Congress funds two separate areas: General Defense Intelligence and tactical operations. A big challenge is to cross these funding lines seamlessly.

MIDB is a relational (Sybase) database containing general defense intelligence (military strategic) information on the order of battle down to the unit level for active countries or the army or division level for other countries. MIDB is an all source DBMS and is used especially as a tactical feed, to populate and then feed to tactical C4I operations. The structure and most of the content is unclassified. Access is limited to those with a need to know, like intelligence analysts. MIDB supports a specific number of operational functions like planning, exploitation, … MIDB contains 95% of the general military intelligence data. Inputs come from SIGINT, HUMINT, MAGINT, MASINT (signal, human, ?, ? INTelligence).

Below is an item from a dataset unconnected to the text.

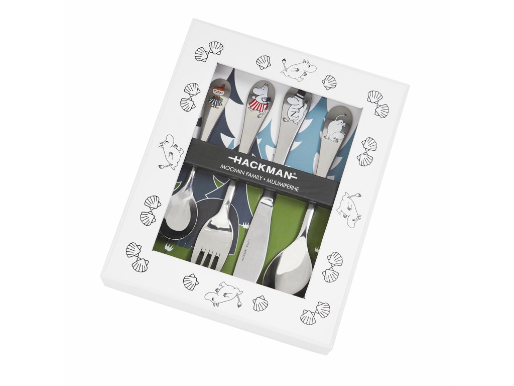 Dětské příbory pro značku Hackman vytvořila ilustrátorka a návrhářka Tove Slotte na základě originálních ilustrací a výkresů od finské autorky Tove Jansson, která dala život postavičkám z kouzelného údolí Muminků. Na těchto najdete maminku, tatínka, Mumínka a malou Majku.

MIDB contains a huge variety of data but not imagery or tactical information (like mission planning, another command does the latter) -- including air, ground, space, where are the sensors, who talks to who, airfield information, lines of communication, nuclear industry raw materials, processing, chemical industry, chem-bio industry, electrical industry, military production, who sells to who, medical, hospital, vets, military geography, orphanages, safe houses, population centers, growth rate, air field intelligence, lighting on runway, characteristics and performance, merchant ships of interest, strike assessment, length, width, elevation but not imagery. They do not duplicate NIMA. Not all queries are geospatial - might just use country code CC = Zaire. Contains no data on U.S. persons or places (by law). On the other hand, they can feed CAD tools to do 3D walk-throughs of buildings. Q: Is Zaire in there? A: cannot say. Provides metadata to access other DBMSs. Metadata includes how long is that field. There may be a lot or a little stored about eye color.

MIDB is populated from many source DBMSs and an army of intelligence analysts reading newspapers. Analysts not only read MIDB but also write to it so it is a central resource on their desktop, integrated into the way they work. There is a menu-driven GUI. Analysts typically want to get at any or all parts of the database. Still working to get tactical level to send information back up to national level. DoD data dictionary strategy is based on a common DoD schema, people push data up the hierarchy. MIDB has 27 main entities and 300 tables. There are many taps into data sources - many stored queries, graphs, timeline analyses, visual flows (bauxite mining, aluminum plant, airplane production). There are many flows: image - exploit - report - MIDB; image via analyst to MIDB, more.

Data has certainty factors, is entered by people, has data on every country, is in the gigabyte range, many operations are batch mode. MIDB is a heavily edited DBMS. MIDB represents coordinates in 1000ths of seconds (against future need) though users cannot tell if 1000 is accurate to 1 or 3 decimal places. Error ranges are kept as circles or ellipses, numeric ranges for plant capacity. There are logic edits to avoid typos but analyst can override or further refine. Location data small compared to mapping databases. Has very wide tables. Does not store polygons - another table with polygons. If it is known some entity is at location A or B then that is stored at A with confidence = tenuous, same with B. Annotations (relationships) on any field so Table is tied via a TIE field to other tables. Here is where you add extra-schema information like "its got cathedral ceilings." Double linked back from other table to implement bi-directional relationships.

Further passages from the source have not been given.